Hallo, ich habe folgendes vor: 10 Platinen mit 5V Versorgungsspannung und ca. 0,2 bis 0,5 A jeweils werden an ein Bussystem im Abstand von 1 m gehängt (ergibt nach Adam Riese 9m Gesamtlänge). Ich würde gerne die ganzen Platinen von einem Ende des Buses mit einem einzigen Netzteil (z.B. 5V/10A) versorgen. Dazu sehe ich parallel zum eigentlichen Bus einfach noch ein paar GND und eine 5V Leitung(en) vor. Um Stromschwankungen auszugleichen habe ich mir gedacht, jeder Platine einen etwas größeren Elko zu spendieren und die Frage lautet: Wie groß sollte der sein? Danke, Klaus
Klaus schrieb: > Um Stromschwankungen auszugleichen habe ich mir gedacht, Laß den Strom doch schwanken. Eine Pufferung brauchst Du doch garnicht?

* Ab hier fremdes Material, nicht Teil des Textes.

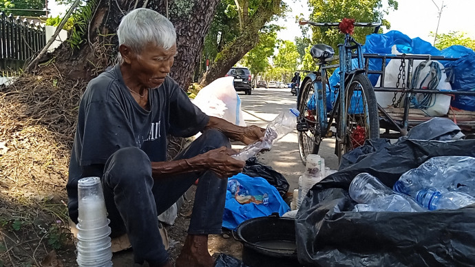 Di usia 76 tahun, Kakek Amril masih harus berjuang mengumpulkan barang bekas demi bertahan hidup. Setiap pagi sekitar pukul 6, ia mendorong becak sepedanya keluar dari kontrakan kecil tempat ia tinggal seorang diri. Dengan becak miliknya itu, kakek berkeliling menyusuri jalan mencari botol plastik, kardus, dan barang bekas lainnya hingga sore.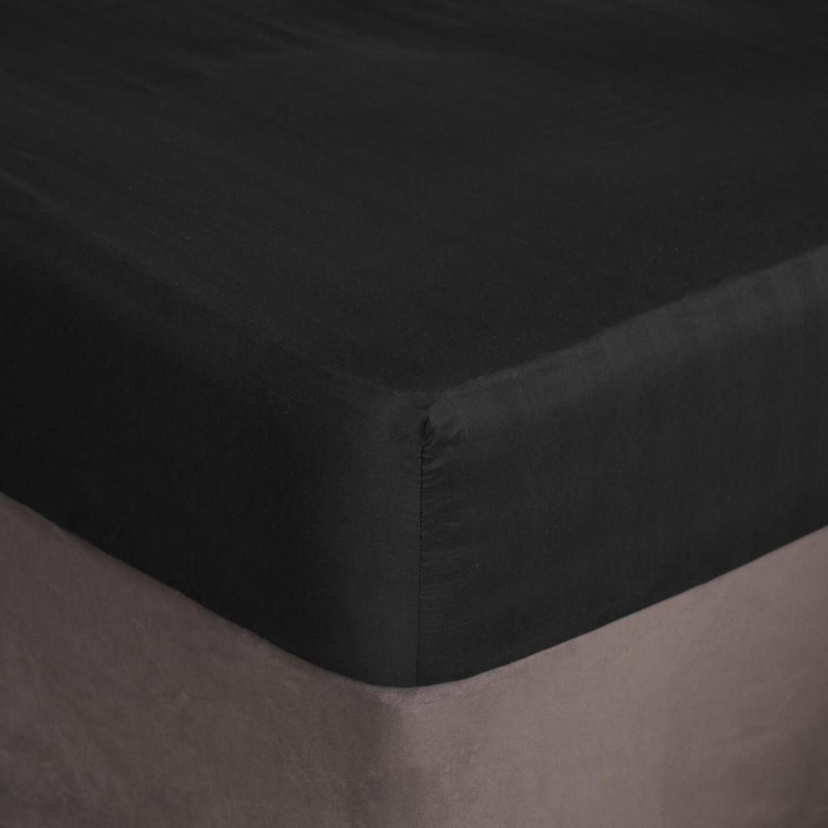 Satin Stripe Fitted Sheet Bed Hotel Luxury Hotel Bedroom - Black / Single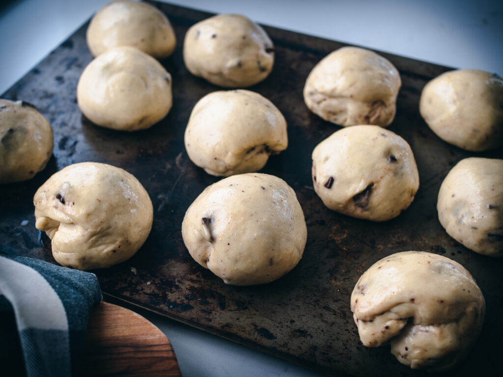 Divide the dough into 12 equal-size pieces and shape into balls. Place the balls of dough on the prepared baking sheet and let rise for 30 minutes.
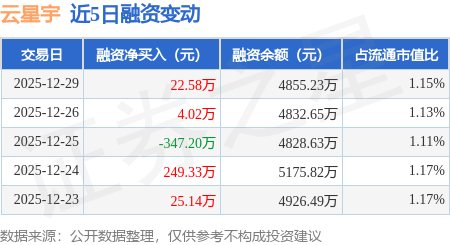 证券之星消息,12月29日,云星宇(920806)融资买入398.5万元,融资偿还375.92万元,融资净买入22.58万元,融资余额4855.23万元,近20个交易日中有12个交易日出现融资净买入。

Falsche Lösung. Versorge deine Leitungen mit 9V (oder 12V) und setze auf jede Platine einen Spannungsregler (7805), der gleicht den Spannungsabfall aus. ALLERDINGS: Der Spannungsabfall auf der Masseleitung wirkt auch auf den BUS mit seiner Datenleitung. Also muss der Bus seine eigene Masse haben über die wenig Strom fliesst oder es muss ein differentieller Bus her wie RS485. Möglichst verwendet man aber gleich die 12V Leitung als einzige bidirektionale Busleitung, siehe EIB/KNX. Oder gar kein Bus sondern nur Stromversorgung und Funkkommunikation, sollte ja bei 1m kein Problem sein.
Woher kommt eigentlich der Irrglaube dass Elkos Energiequellen sind die ohmsche Verluste ausgleichen können??? Sehr erstaunlich...
MaWin schrieb: > Also muss der Bus seine eigene Masse haben > über die wenig Strom fliesst oder es muss ein differentieller Bus her > wie RS485. Ja, es ist ein RS485. Tcf K. schrieb: > Woher kommt eigentlich der Irrglaube dass Elkos Energiequellen sind die > ohmsche Verluste ausgleichen können??? > Sehr erstaunlich... Wieso denkst Du eigentlich ich will die Spannung ausgleichen? Mit 4V laufen die ICs immer noch und mehr wird da auch nicht abfallen. Es ging mir eher darum, was passiert, wenn alle ICs auf einmal irgendwas schalten und jede Platine zeitgleich 0,2A o.ä. gleichzeitig ziehen. Ich hätte jetzt nicht gedacht, dass das Schaltnetzteil das in jedem Fall schnell genug ausregelt. Wenn ich aber eure Antworten so sehe, scheint das kein Thema zu sein.
Das Schaltnetzteil schon, aber R*I-Verluste und den damit verbundenen Ground-Bounce kannst Du damit nicht verhindern -- ich hoffe die RS485-Interfaces sind auf der Platine galvanisch getrennt (über Optokoppler und DC/DC-Wandler), sonst könnte eben dieser Ground-Bounce für Ärger sorgen. Was Du mit Puffer- oder Blockkondensatoren vermeiden kannst sind di/dt*L-Spannungssprünge auf den Versorgungsleitungen. Dafür kannst und solltest Du sie einsetzen.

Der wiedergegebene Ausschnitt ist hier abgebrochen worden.